Yard House
- Trade name: Yard House
- Company type: Division
- Industry: Restaurant
- Genre: Casual dining
- Founded: 1996; 30 years ago, in Long Beach, California, U.S.
- Founder: Steele Platt, Steve Reynolds, Tom Yelenick, Bill Wollrab
- Headquarters: Orlando, Florida, U.S.
- Number of locations: 88 (January 2024)
- Products: American cuisine (pasta • salads • chicken • seafood), gluten sensitive menu
- Parent: Darden Restaurants, Inc.
- Website: www.yardhouse.com

= Yard House =

Restaurant

Darden Concepts, Inc. doing business as Yard House, is an American restaurant chain, with 80+ locations across the United States. Yard House was purchased by Darden Restaurants in 2012 for $585 million and now operates out of Orlando, Florida.

==History==
Yard House was founded in 1996 in Long Beach, California, by Steele Platt, Tom Yelenick, William Wollrab and Steve Reynolds.

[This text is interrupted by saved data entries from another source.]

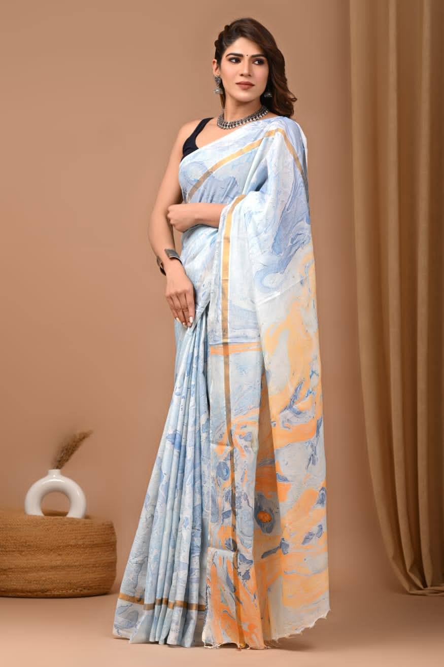 Off White Pure Mulmul Cotton Saree With Designer Printed Blouse Material
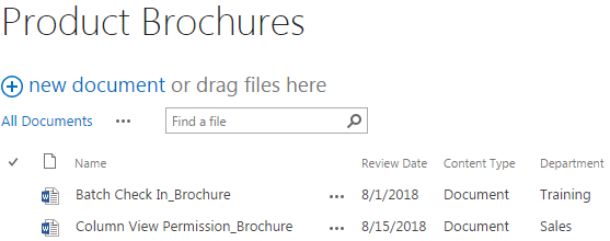 After a short loading process, you will find that all documents contained in the ZIP file Brochures 2013 have been extracted and uploaded to Product Brochures and the Review Date and Department fields for all documents have been bulk edited accordingly except the folder as shown below. The Batch Check In_Brochure has been overwritten and the Column View Permission_Brochure stays the same.
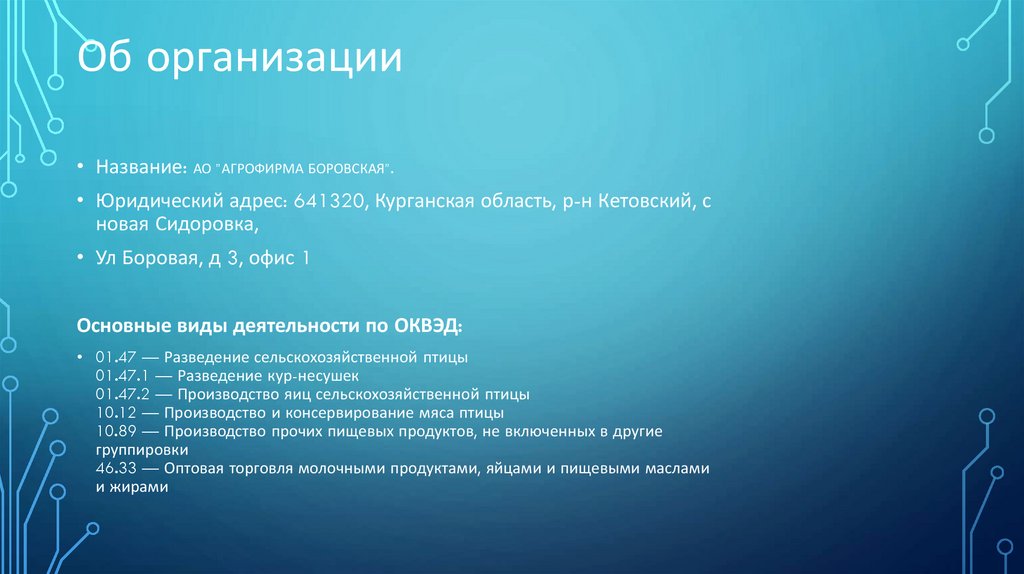 Об организации• Название: АО ”АГРОФИРМА БОРОВСКАЯ”.
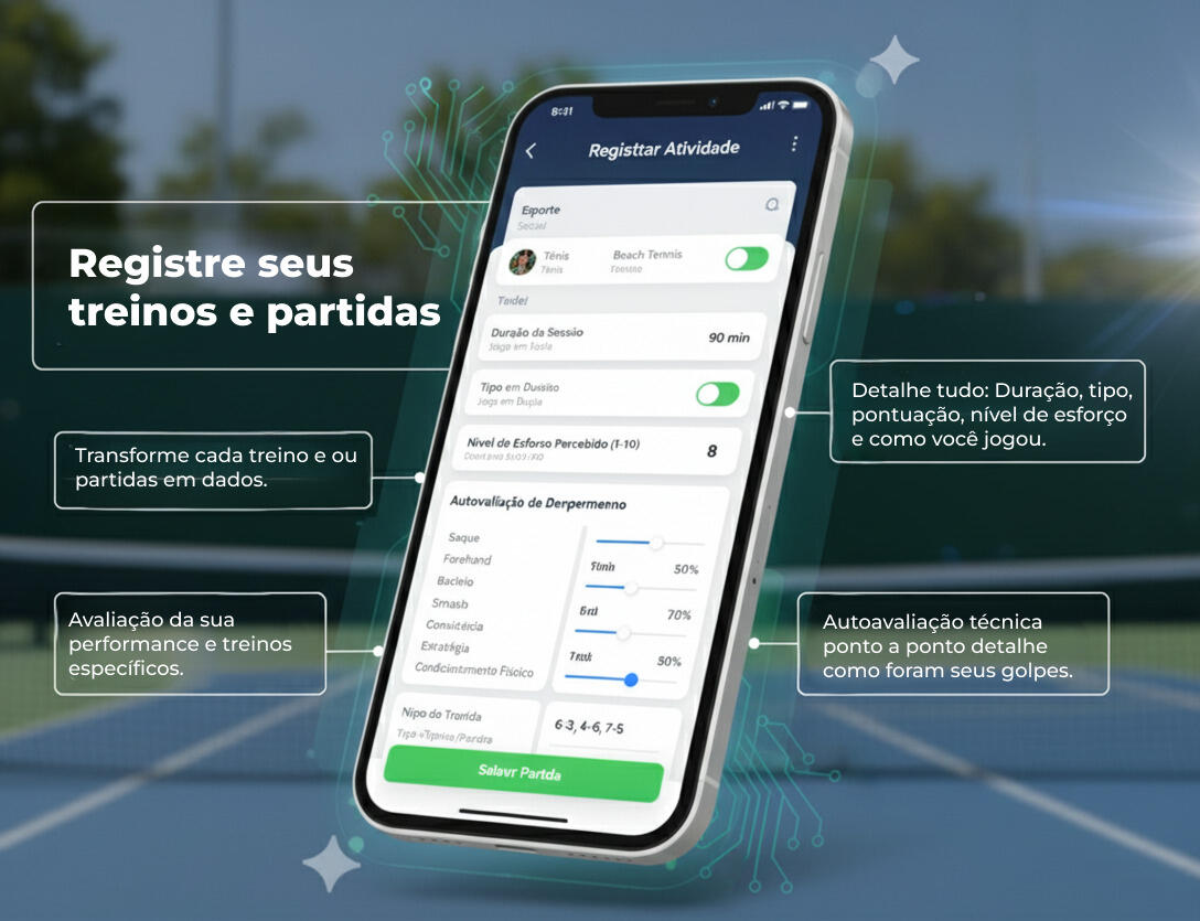 Mais do que um app, é o seu treinador pessoal com inteligência artificial, desenvolvido para quem vive os esportes de raquete.
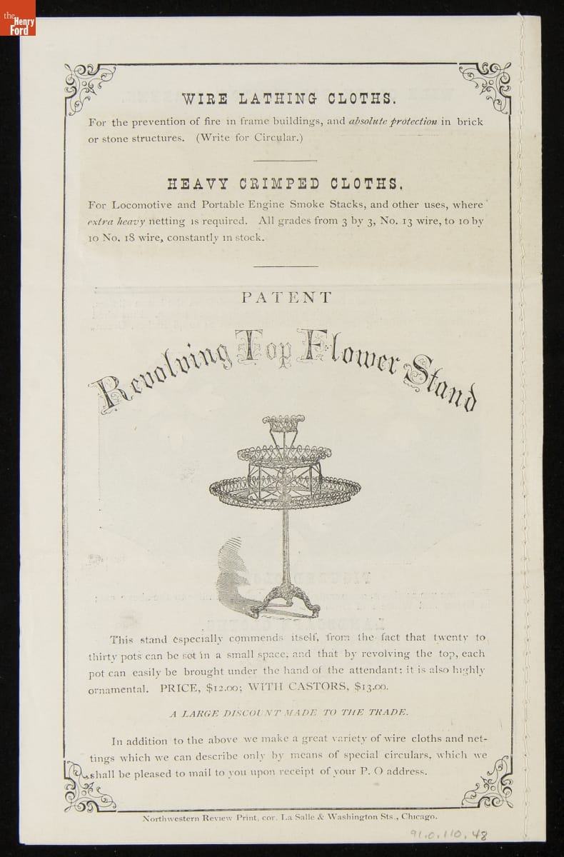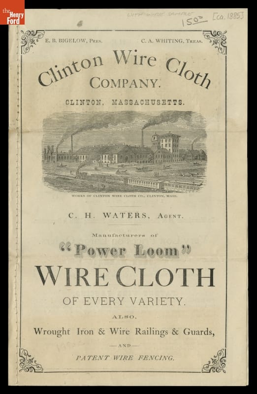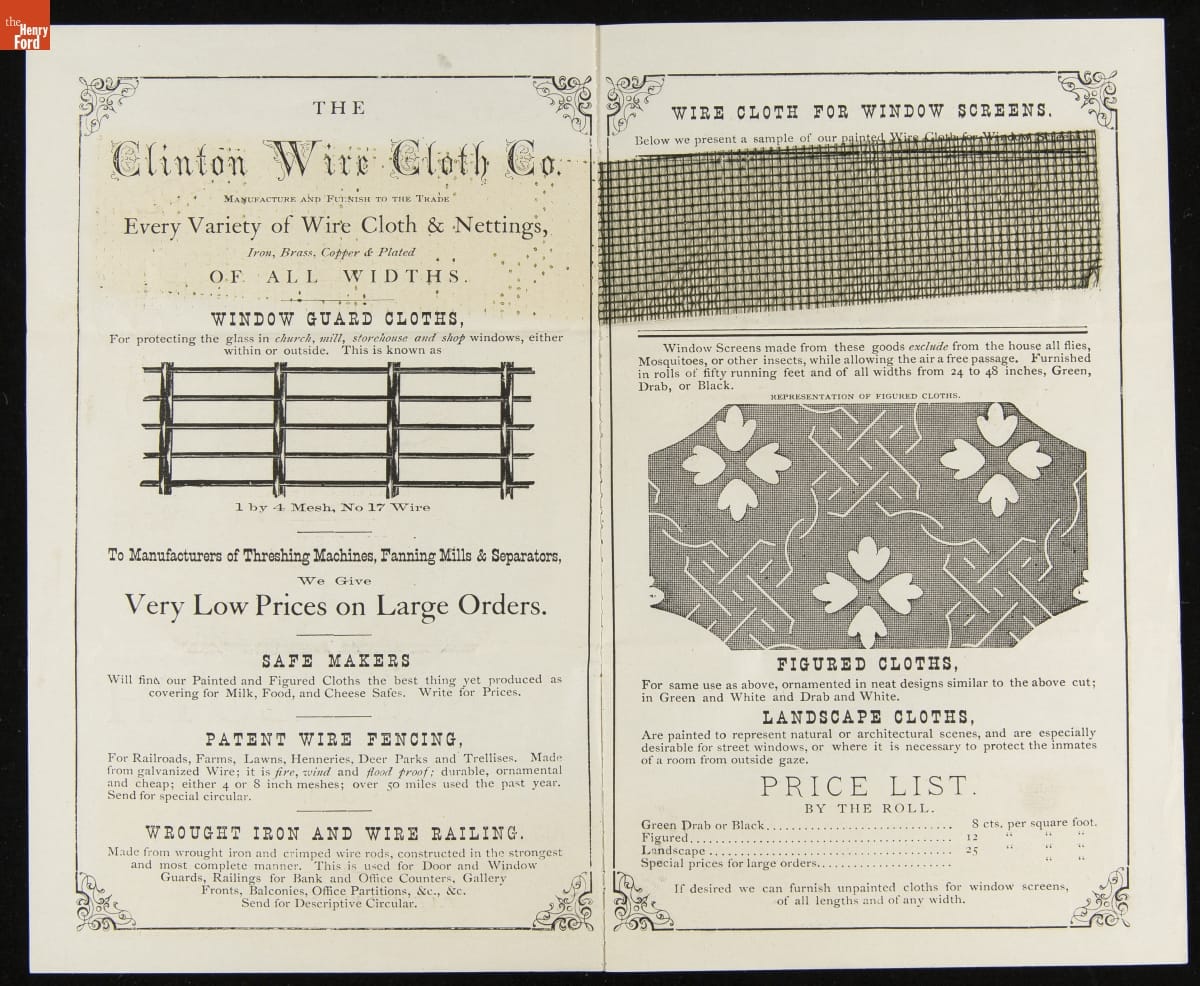 Clinton Wire Cloth Company Sales Catalog, "Power Loom Wire Cloth of Every Variety," circa 1885
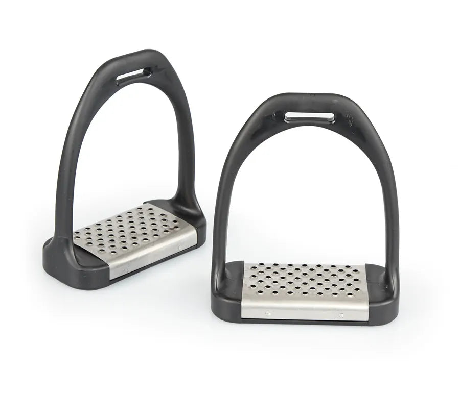 These lightweight, strong and durable plastic stirrups come complete with high grip metal treads. Note: irons should be chosen according to foot size, 1.25cm of space either side of riding footwear is correct.
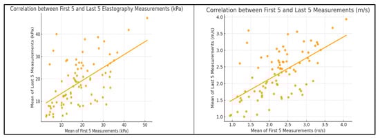 A strong intra-observer reproducibility was demonstrated when comparing the first five versus the last five elastography measurements expressed in kPa. The ICC was 0.99, and the Pearson correlation coefficient was r = 0.997 (p < 0.0001), confirming an excellent agreement between the two series. When comparing the first five versus the last five velocity-based elastography measurements expressed in m/s, the ICC was 0.61 and the Pearson correlation coefficient was r = 0.61 (p < 0.0001), indicating a moderate agreement and reproducibility between the two sets (Figure 1).
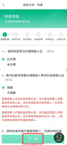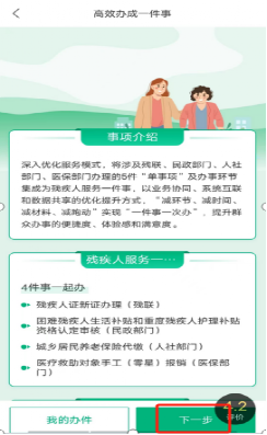 3. 选择地区-阅读“残疾人服务”一件事解读-点击“下一步”开始办理。
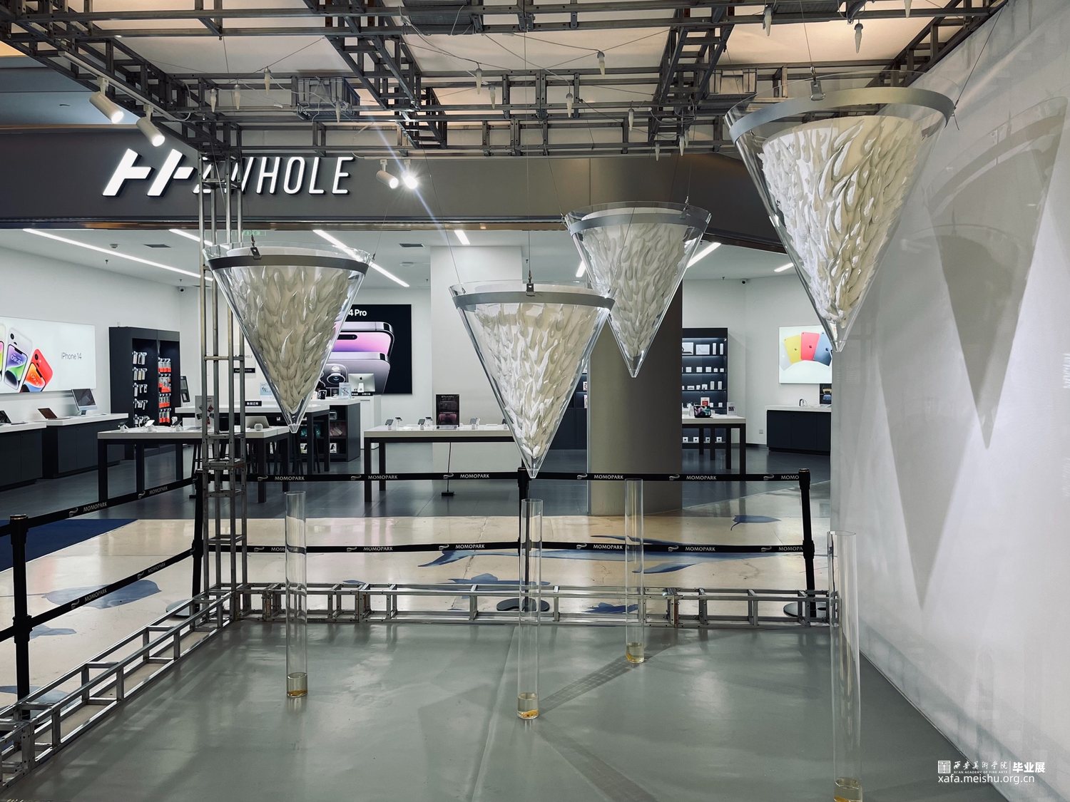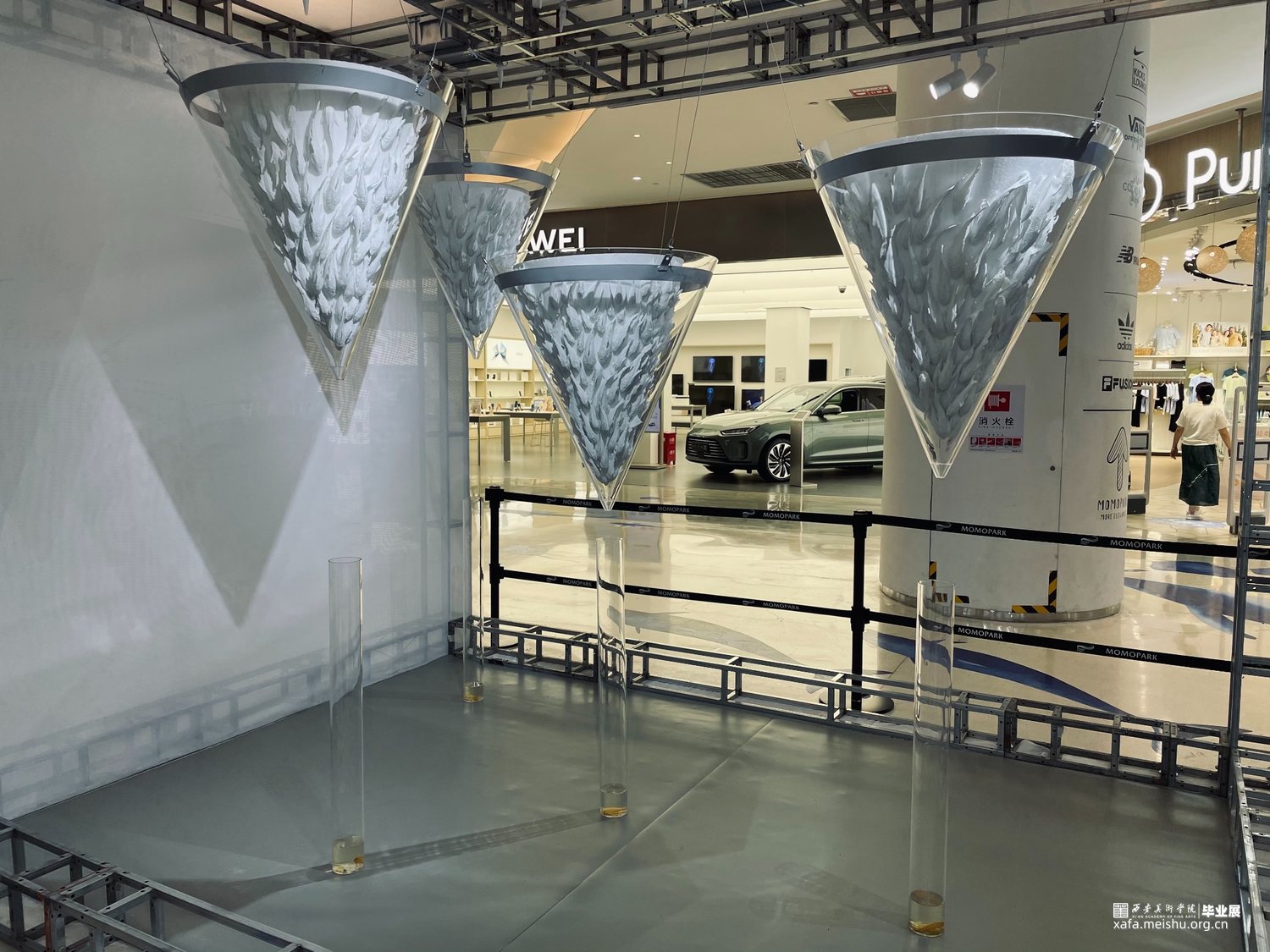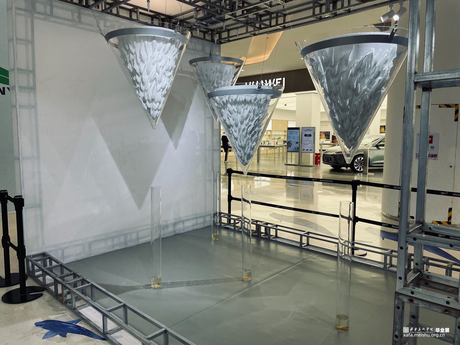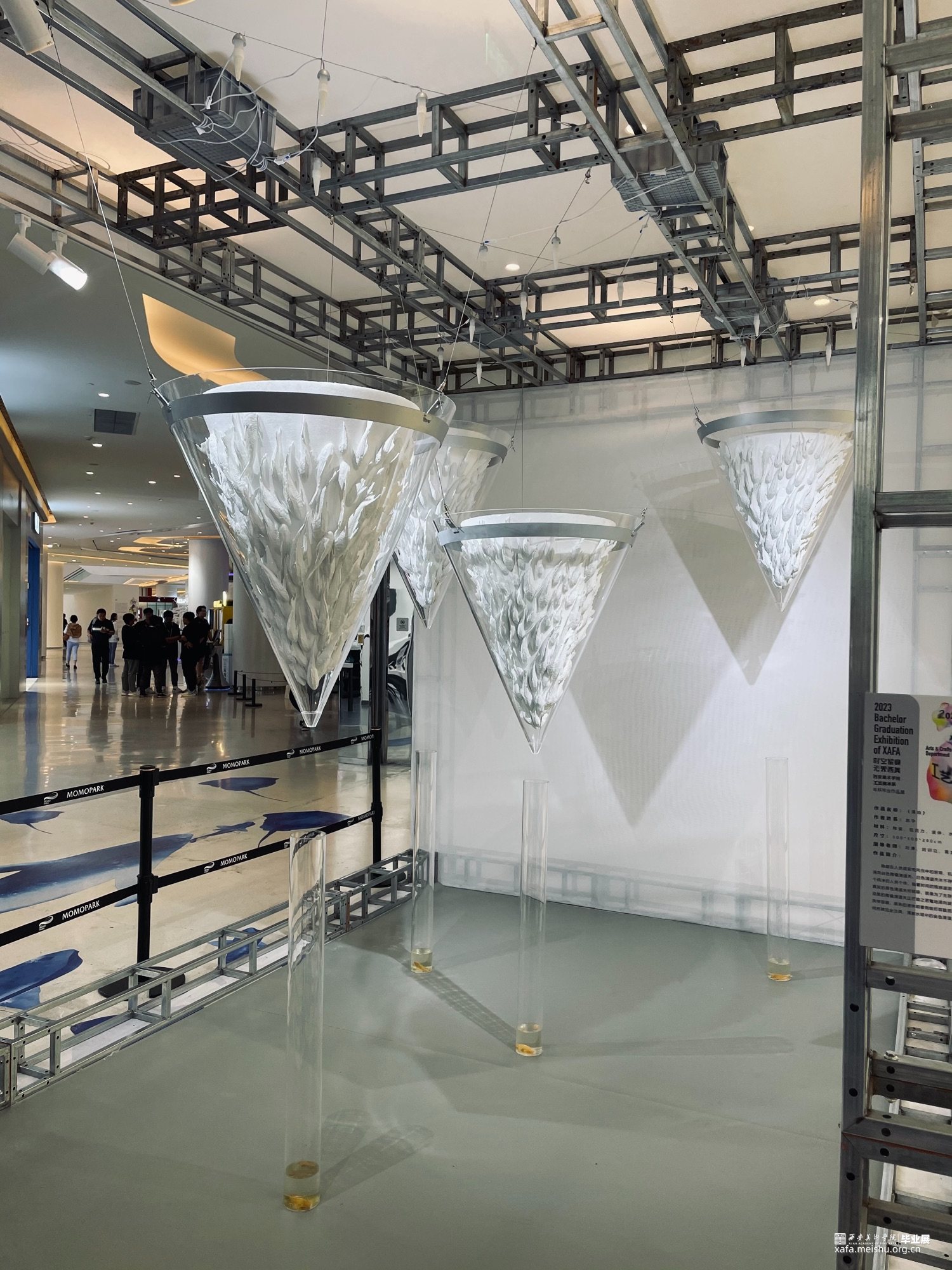 隐藏在我们生存空间当中的苦难、机遇、疾病、快乐正在向白色陶瓷清道夫滴落。白色清道夫本不存在,它是我所创造的,那是一个个纯净的人类个体,随着时间的推移逐渐被染黑,其自身的属性也随之向真实的黑色清道夫所转移,就像为了生存所产生的无休止的欲望,无数被染黑的陶瓷清道夫正在趋之若鹜地涌向装有清澈水源和金色清道夫所在的狭窄容器,黑色的液体顺着倒锥形容器底部的孔洞慢慢滴入柱形容器,其终将被完全注满,清澈水域中的金色清道夫也将回归尘土。

The Yard House began its East Coast expansion in 2010, with a restaurant in the Legacy Place lifestyle center in the Boston suburb of Dedham. In mainland China, Yard House USA, Inc. and Darden do not own the Yard House brand; unaffiliated restaurants are operated by a domestic restaurant group.
==Menu==
The restaurant offers a variety of food and focuses on fusion dishes. The menu includes several Gardein based items. It also has a major focus on craft beer. Locations have over 100 beers on tap and offer tasting platters of different types of beers.